The Indian and US initiatives in this direction are well underway, and in the interim India has also clearly specified an advisory for AI. Article 5 of the EU AI Act, is definitive in that it prohibits AI systems that deploy subliminal technologies beyond a person’s consciousness, with the objective of materially distorting the behaviour of a person or a group of persons, impairing their ability to make an informed decision.

It is distinctly apparent, that despite its powerful push, AI, significantly Generative AI and Social Media will have to confront the realities of National lawmakers and their sensitivities to the emerging contours of AI.

Product-related AI needs to negotiate the specific working domain of their functionality. Here there is a far more direct relationship between the client needs and what AI can offer. Undoubtedly driven by comfort, convenience and pragmatic needs, they also pry on us based on their seduction.

In the medical domain, a lot can be said in praise of advanced robotic surgical procedures, cutting-edge diagnostics and finely titrated drug development that are benefiting from AI. The recent Neuralink wireless chip cranial implant, which is successfully giving wireless internet access to a physically impaired patient, is commendable.

It comes of course with its package of concerns, on hacking, and privacy.
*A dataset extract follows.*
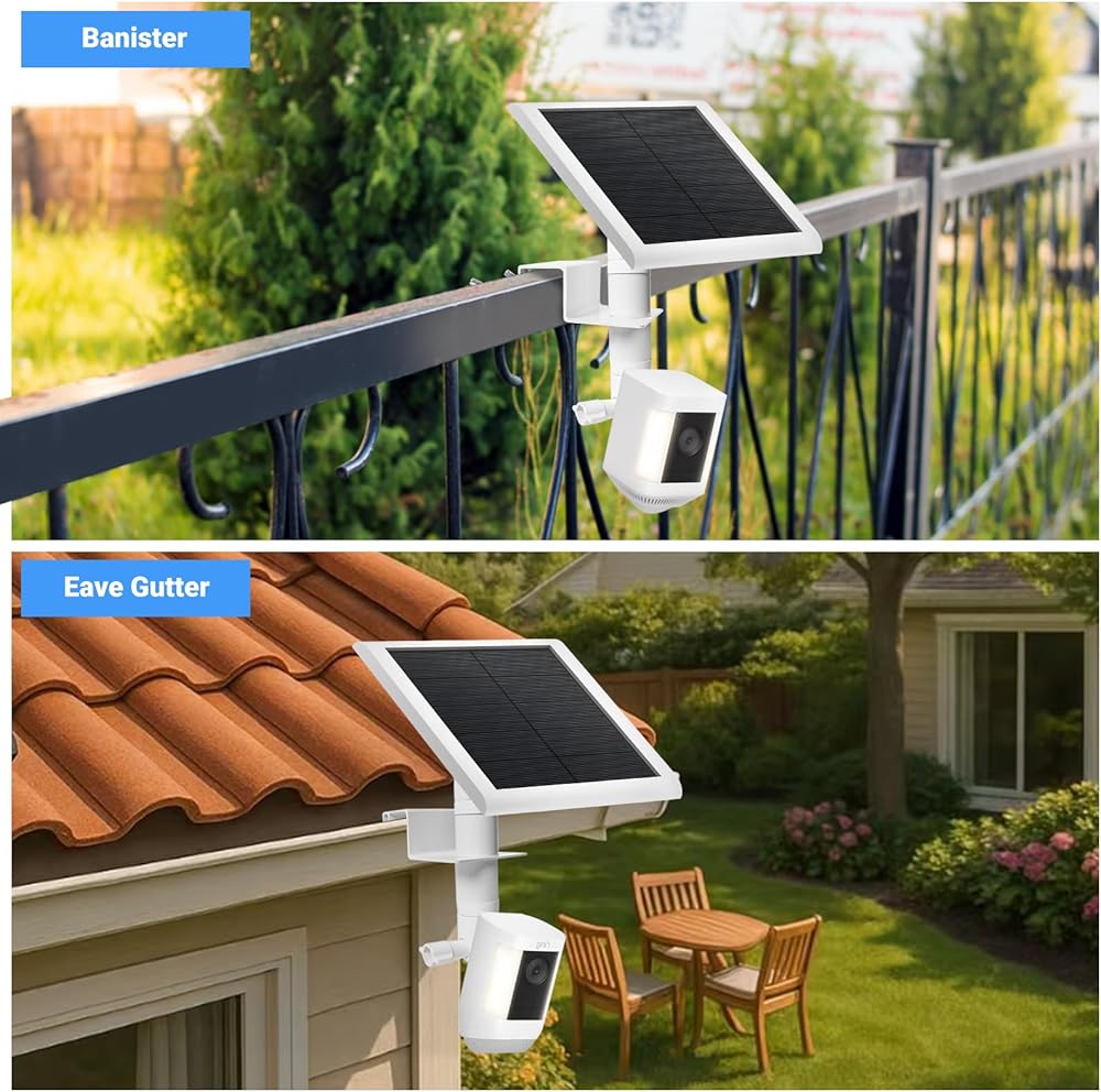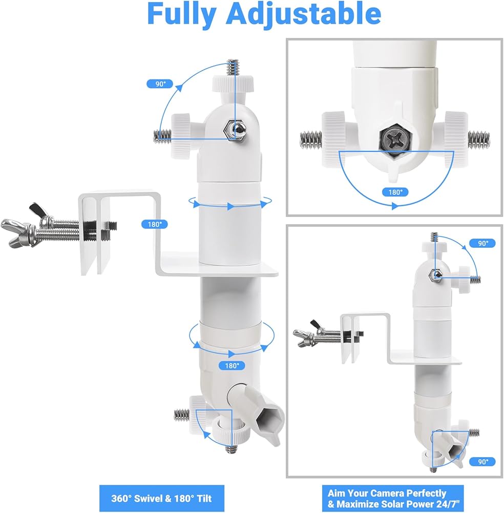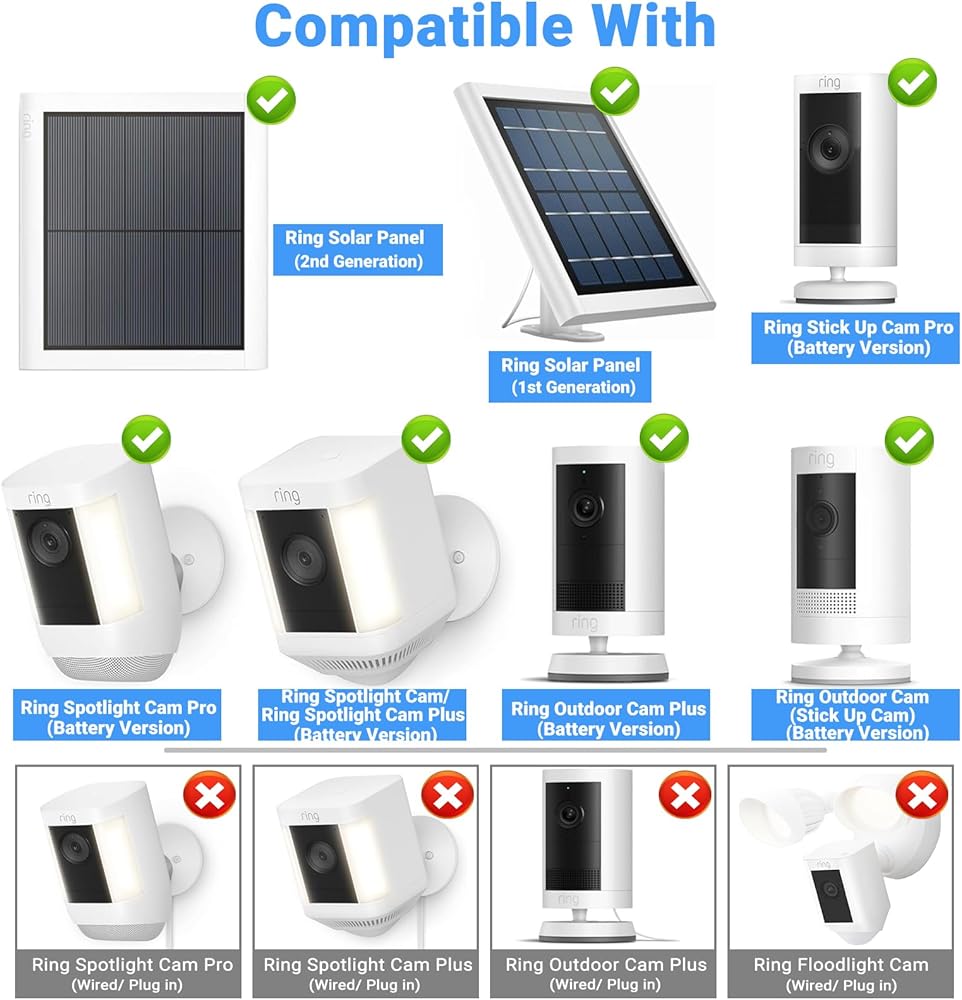 توافق عالمي للكاميرا: يعمل مع الكاميرات الحلقية (الكاميرا الخارجية (كاميرا لاصقة)، كاميرا خارجية بلس، كاميرا لاصقة برو، كاميرا خارجية (كاميرا لاصقة) الجيل الثاني/الثالث، بطارية كاميرا سبوتلايت/برو/بلس) والألواح الشمسية الدائرية (الجيل الأول، الجيل الثاني). متوافق أيضًا مع Blink وArlo وEufy وWyze وTP-Link وTapo وأي جهاز يستخدم حامل لولبي قياسي 1/4 بوصة - وهو حامل تثبيت عالمي متعدد الاستخدامات لأنظمة الأمان

The reported use of AI in the formulation of advanced medications promises to substantially enhance pharmaceutical options.

On balance, while it is a reality that Lawmakers across the globe are wary and exceedingly conscious of the potential of AI, they face a daunting challenge. AI due to its rate of development and mutation is exceedingly difficult to define, ring fence, and hold accountable.

There is an enormous draw towards, as well as a huge curated appeal to the populace. Laws and advisories run the risk of stifling an industry that is financially significant, as well as infringing privacy and personal rights.

AI captains are well aware of this and have mastered the ability to position products in ‘deep grey seas and amid swirling currents’. Ultimately, it is the individual sentient and rational intellect which will be the final frontier for AI.

Lt Gen Sanjiv Langer PVSM, AVSM, is a former Member Armed Forces Tribunal, and former Deputy Chief Integrated Defence Staff. Views expressed here are the writer's own.